Computers utilize a large number of semiconductor components. In a space environment, the operational reliability of computers utilizing small-geometry semiconductor parts has become severely compromised. In this environment, the chips, especially those utilizing less than three micron geometry, suffer random errors due to the presence of cosmic rays or high energy particles or ions. The geometries of the newer semiconductor parts are so small that passage of a high energy particle/ion or cosmic ray through the p-n junction of a semiconductor device sometimes causes an upset in the operation of the device. In memory systems, the problem occurs when a cosmic ray or high energy particle/ion passes through a sensitive junction in a storage element (e.g. a stage of a shift register) internal to a circuit and results in an arbitrary change-in-state of that storage element. The result in a memory is that a state of "zero" becomes a state of "one" or vice versa. This phenomenon of one change of state is called a Single Event Upset (SEU). SEU, sometimes, is also referred to as a bit flip-flop or a soft error. This soft error is temporary in nature and disappears when the memory is reused for storing a new bit.
Therefore, unless there is a means to determine the logic state in which the storage element is supposed to be, the system will have no means of determining that an upset has occurred, and will operate as if the erroneous logic state is correct. Further, the failure mode resulting from a SEU in a storage element is random and therefore unpredictable.
Single Error Correction Double Error Detection (SECDED) coding techniques have long been used in semiconductor memory systems to increase their reliability. In an Error Detection and Correction (EDAC) of memory system, a SECDED code word is stored with each word of memory. Each time a memory word is accessed, both the data word and the code word are output and the code word is used to check the validity of the data word. Single errors detected are corrected prior to the use of the data and the corrected word is stored back in memory. This type of correction technique will handle SEU's occurring within a memory, providing that the entire memory is checked at sufficient intervals so that any given memory word will not accumulate more than one SEU between being checked.

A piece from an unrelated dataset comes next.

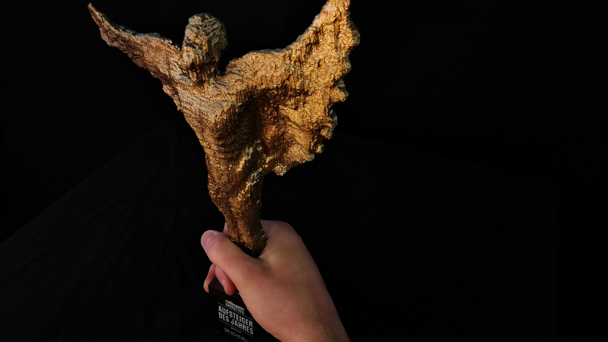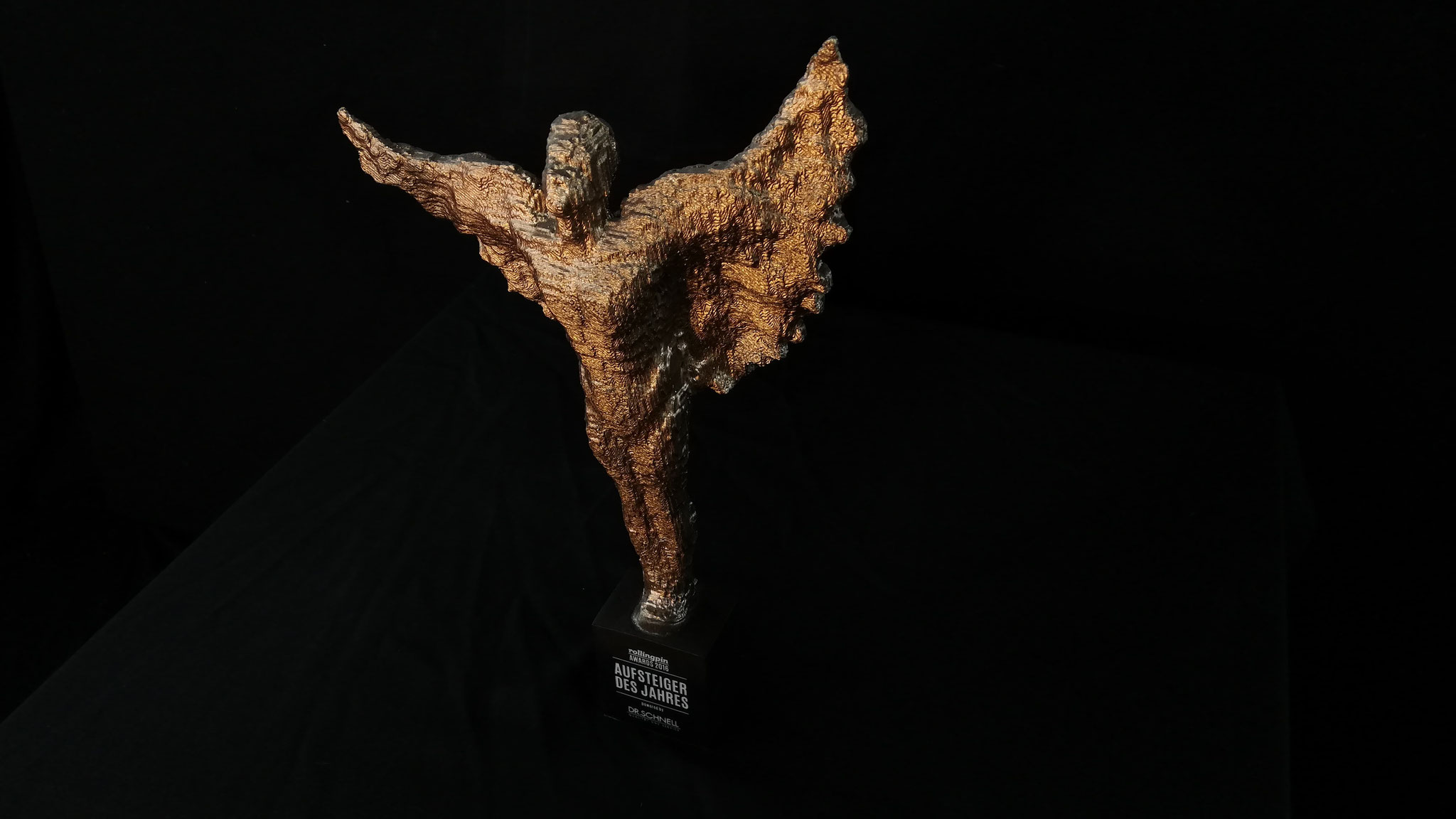Der Pokal ist eine abstrahierte Darstellung von Daidalos, einer Figur der griechischen Mythologie.

The storage elements or the internal memory within a bit-parallel architecture microprocessor or Central Processing Unit (CPU) present a more complex problem because typically they are in a less ordered structure, and with many operations going on in parallel it is very difficult to maintain their relationship and determine in real time how far an error has propagated. Most present techniques used to solve the SEU problem in a random logic circuit such as a CPU, involve making the storage elements immune to upset by adding resistance in the feedback paths of the latches. The resistance in conjunction with the device capacitance functions as a filter which reduces or eliminates the effect of impulse (cosmic ray or high energy particle/ion) that may cause an upset. The principal drawbacks of these techniques are that the additional components require additional area on the chip and result in a reduction of operating speed. It is anticipated that present methods of SEU prevention will become less effective as device geometries continue to become smaller, thereby requiring higher resistance values or addition of more capacitance to the nodes.